Retype every line from the top of the entries down to the one with "The in-kind contributions", both included, and skip the pictures.

***** Entries shown

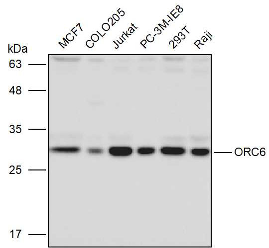 Western blot analysis with ORC6 antibody diluted at 1:2000;Lane:MCF-7,COLO205,Jurkat,PC-3,293T,Raji
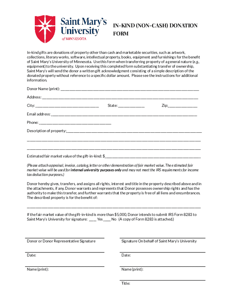 The in-kind contributions form serves to formally document donated goods and services. This essential document helps both donors and nonprofits confirm the value and details of contributions, which is critical for legal and tax considerations. For donors, it provides evidence for tax deductions, while nonprofits must maintain accurate records to ensure compliance with various regulations.
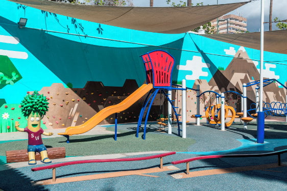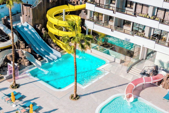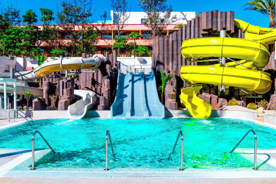 Welcome to the Spring Hotel Bitacora in Tenerife! This 4* family friendly hotel is in a great location close to a gorgeous sandy beach and bustling Playa De Las Americas with its bars, restaurants and shops. Little ones will love cooling off in the 2 kids swimming pools with waterslides and best of all – playing at the amazing Springlyworld Adventure Park which has over 95 activities for them to have a go at! The Spring Hotel Bitacora is a great choice for families looking for a family friendly hotel in Tenerife with plenty to keep little ones entertained!
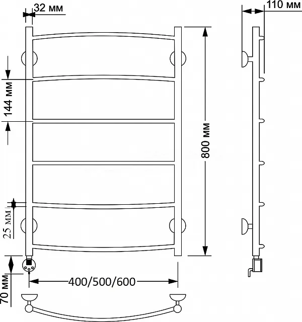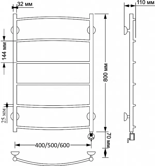 Электрический полотенцесушитель имеет выключатель на корпусе, встроенный терморегулятор, функцию отключения при нагреве для экономии энергии.
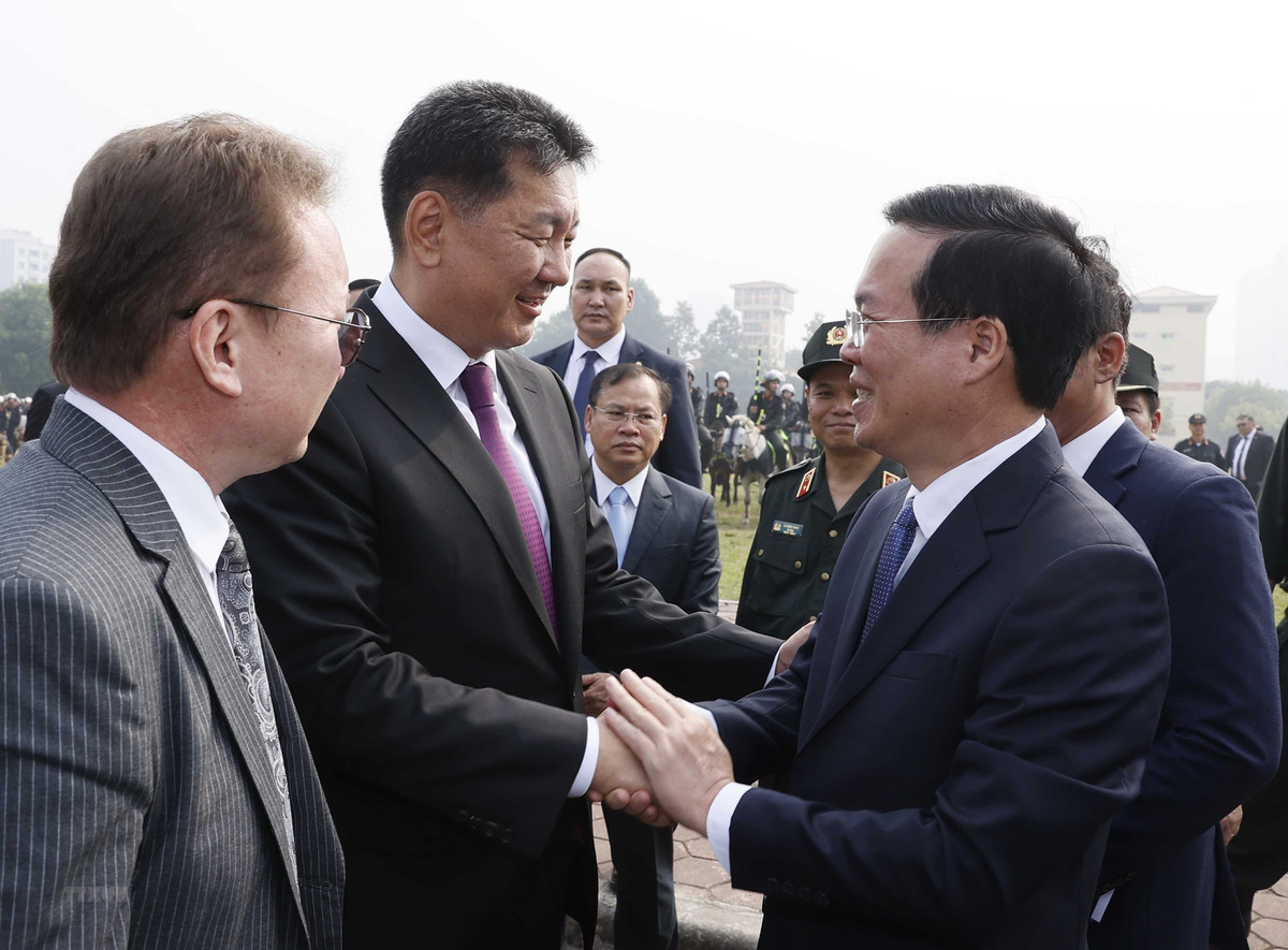 Chủ tịch nước Võ Văn Thưởng và Tổng thống Mông Cổ Ukhnaagiin Khurelsukh với các chiến sỹ Cảnh sát Cơ động Kỵ binh.(Ảnh: Thống Nhất/TTXVN)

**********

# Response box
 Western blot analysis with ORC6 antibody diluted at 1:2000;Lane:MCF-7,COLO205,Jurkat,PC-3,293T,Raji
 The in-kind contributions form serves to formally document donated goods and services. This essential document helps both donors and nonprofits confirm the value and details of contributions, which is critical for legal and tax considerations. For donors, it provides evidence for tax deductions, while nonprofits must maintain accurate records to ensure compliance with various regulations.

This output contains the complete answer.